Summarized by Kent Larsen

New Lawsuit Challenges Plaza Sale
Salt Lake Tribune 14Apr00 N1
By Rebecca Walsh: Salt Lake Tribune

SALT LAKE CITY, UTAH -- The Utah ACLU has filed a second lawsuit against Salt Lake City challenging the city's sale of a one block stretch of Main street to the LDS Church. The lawsuit, filed yesterday, claims that city leaders ignored their own law in permitting the sale of the property.

ACLU attorney Stephen Clark says that the City Planning Commission outlined in March 1999 15 criteria for the deal. One of the criteria mandated that "there be no restrictions on the use of this space that are more restrictive than is currently permitted at a public park." But when the criteria were recognized by the City Council, that criteria was missing. Clark says this invalidates the ordinance that the sale was based on, "It's a very simple proposition," Clark says. "If we're right about the construction of the ordinance, the street can't be closed and the pedestrian plaza can't be built based on the current document."

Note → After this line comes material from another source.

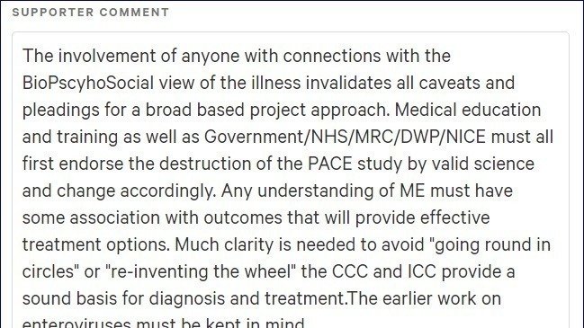 Professor Malcolm Hooper also kindly commented on our petition (see photo). This wonderful advocate was presented with a Victory Award by Invest in ME Research in June 2016 - http://www.investinme.eu/IIMEC11-news%20Pre-Conf-Postscript.shtml

The sale was first proposed by former Mayor Deedee Corradini and LDS Church President Gordon B. Hinckley. The ACLU's challenge to the sale, based on complaints by the National Organization for Women and members of the First Unitarian Church, among others, is because of a list of rules written by city and church attorneys, and agreed to by the City Council, in which "illegal, offensive, indecent, obscene, vulgar, lewd or disorderly speech, dress or conduct" was prohibited on the plaza while the LDS Church could play music or speeches, pass out pamphlets and kick out offenders.

The other lawsuit filed by the ACLU claims that these restrictions are unconstitutional. But Clark says that this new lawsuit could make the challenge to the constitutionality moot, because the missing Planning Commission requirement invalidates the sale.

City Attorney Roger Cutler says that Clark is grasping at straws in the latest lawsuit. "That's absurd," Cutler says. "Anyone who knows anything about city government knows the Planning Commission is an advisory, not a binding, body."